Le style de Conrad, ténébreux et lumineux en même temps, est tout en élégance et en raffinement. Voyez la façon dont il ancre son décor : "L'estuaire de la Tamise s'étendait devant nous comme le début d'un cours d'eau sans fin. Au large, la mer et le ciel se confondaient absolument et, dans cet espace lumineux, les voiles brunies des barges poussées vers l'amont par la marée semblaient suspendues, rouges bouquets de toile aux pointes aiguës ou luisaient les livardes vernies." La première personne du singulier sert de narration et laissera la place à un deuxième narrateur. Et malgré la relative brièveté du bouquin (un peu plus de 150 pages), les descriptions abondent, foisonnent et enrichissent une histoire qui n'est aucunement simpliste. Les personnages secondaires du début s'effaceront complètement par la suite, à part l'un d'eux, qui lui, deviendra le personnage principal. Il y a le Juriste qui est le plus vieux, le Comptable, l'Administrateur, le narrateur, et Marlow qui est celui qui prendra la parole et deviendra d'un coup le personnage central du roman. Plus tard, le quête de Marlow l'amènera à nous parler du mystérieux M. Kurtz qui agira comme symbole et ainsi, sera l'objet de la quête ultime de Marlow. Lorsque Marlow commencera à raconter son histoire, ce sont les ténèbres qui laisseront leur place à d'autres cieux encore plus ténébreux. Pour la deuxième moitié du roman, Marlow rencontrera finalement M. Kurtz : "Il s'écoula exactement deux mois entre le jour où nous quittâmes la crique et celui où nous abordâmes au comptoir de Kurtz." Et cette rencontre bouleversera Marlow comme tous ceux qui rencontrent Kurtz.

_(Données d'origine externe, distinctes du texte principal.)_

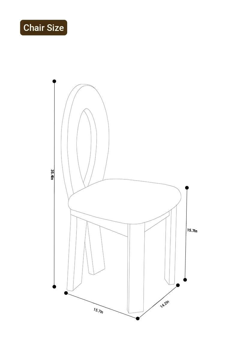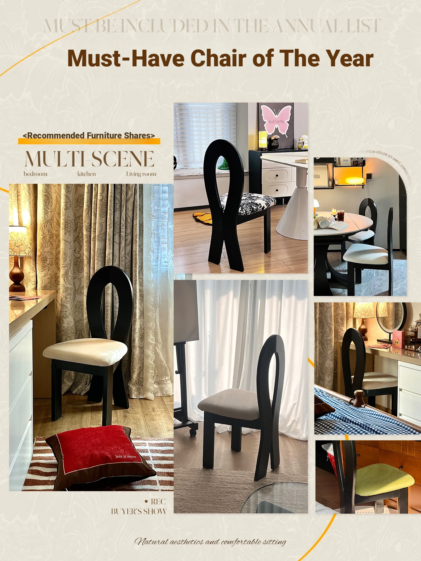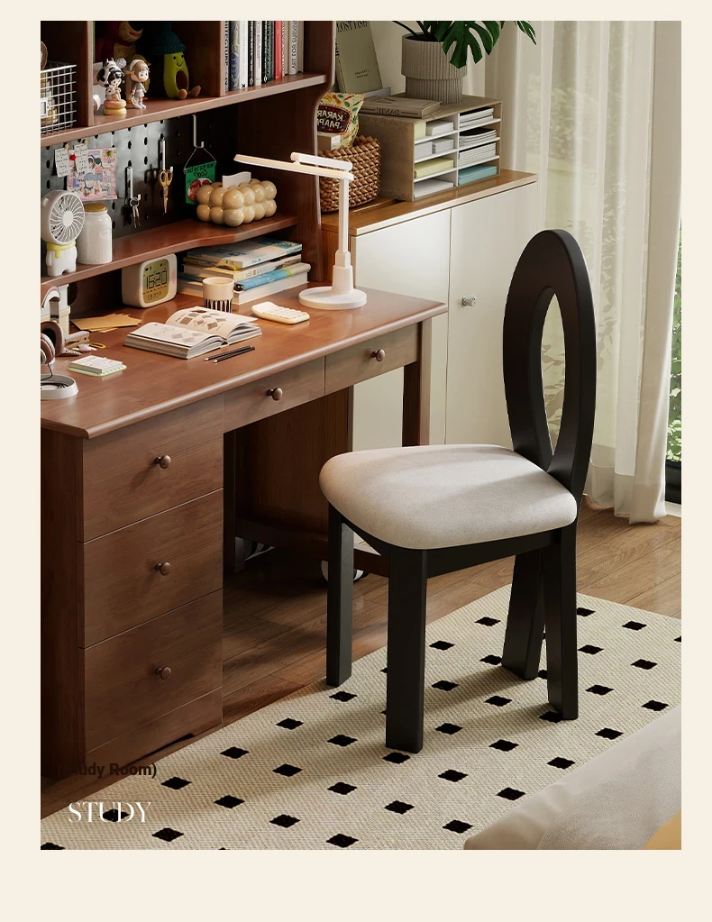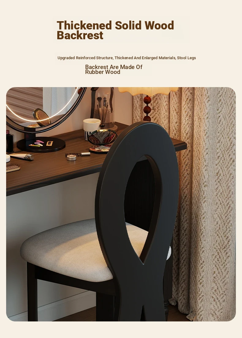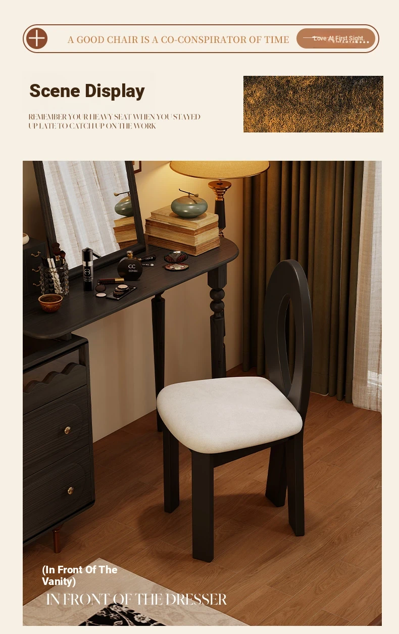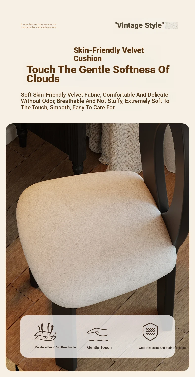 Vintage Solid Wood Makeup Stool - Elegant Bedroom Vanity Chair in French Style, Ideal for Small Spaces - Mermaid-Inspired Design for a Chic Touch

Conrad n'hésite pas à incorporer au récit des connaissances historiques, de la connaissance scientifique mais dans une moindre mesure que Melville dans son "Moby Dick". Aussi, Joseph Conrad décrit souvent le même décor mais en évitant toutes répétitions. Il n'est peut-être pas aussi allergique que Flaubert aux répétitions, mais il parvient à trouver le mot juste et rendre ses descriptions mystérieuses et intéressantes alors qu'un autre écrivain nous aurait ennuyés avec la même scène.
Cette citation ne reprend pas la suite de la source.